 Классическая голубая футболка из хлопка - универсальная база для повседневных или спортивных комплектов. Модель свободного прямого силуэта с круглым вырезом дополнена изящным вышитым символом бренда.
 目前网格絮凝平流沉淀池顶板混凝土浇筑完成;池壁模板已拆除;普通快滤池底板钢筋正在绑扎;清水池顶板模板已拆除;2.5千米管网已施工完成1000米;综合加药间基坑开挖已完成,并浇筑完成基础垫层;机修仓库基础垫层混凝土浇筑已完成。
+---+
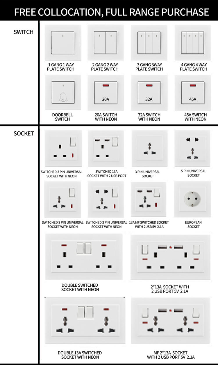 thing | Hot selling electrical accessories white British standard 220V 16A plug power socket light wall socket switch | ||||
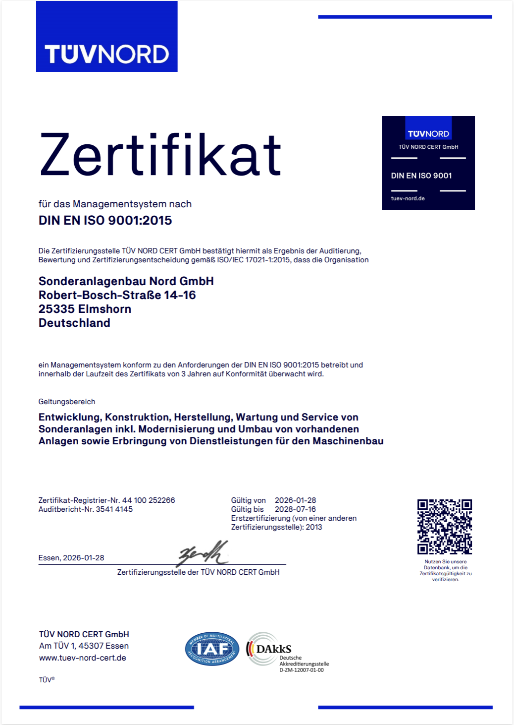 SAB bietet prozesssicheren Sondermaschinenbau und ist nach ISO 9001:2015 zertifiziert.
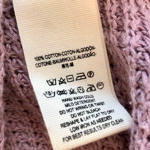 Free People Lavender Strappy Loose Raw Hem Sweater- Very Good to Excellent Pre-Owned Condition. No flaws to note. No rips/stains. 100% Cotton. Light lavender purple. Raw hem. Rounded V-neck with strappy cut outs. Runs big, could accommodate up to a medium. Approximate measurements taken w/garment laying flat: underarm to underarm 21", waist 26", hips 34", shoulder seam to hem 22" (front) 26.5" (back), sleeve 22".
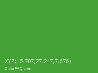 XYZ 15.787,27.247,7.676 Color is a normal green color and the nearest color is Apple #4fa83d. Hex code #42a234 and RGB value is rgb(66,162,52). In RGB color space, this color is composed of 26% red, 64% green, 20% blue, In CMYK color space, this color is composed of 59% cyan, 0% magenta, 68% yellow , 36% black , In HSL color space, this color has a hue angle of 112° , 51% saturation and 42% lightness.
+---+
WHAT YOU HAVE TO DO:
Precisely the lines between those holding "Классическая голубая футболка" and "目前网格絮凝平流沉淀池顶板混", inclusive, are to be reproduced from the listing above, with nothing added.

WRITTEN SOLUTION:
 Классическая голубая футболка из хлопка - универсальная база для повседневных или спортивных комплектов. Модель свободного прямого силуэта с круглым вырезом дополнена изящным вышитым символом бренда.
 目前网格絮凝平流沉淀池顶板混凝土浇筑完成;池壁模板已拆除;普通快滤池底板钢筋正在绑扎;清水池顶板模板已拆除;2.5千米管网已施工完成1000米;综合加药间基坑开挖已完成,并浇筑完成基础垫层;机修仓库基础垫层混凝土浇筑已完成。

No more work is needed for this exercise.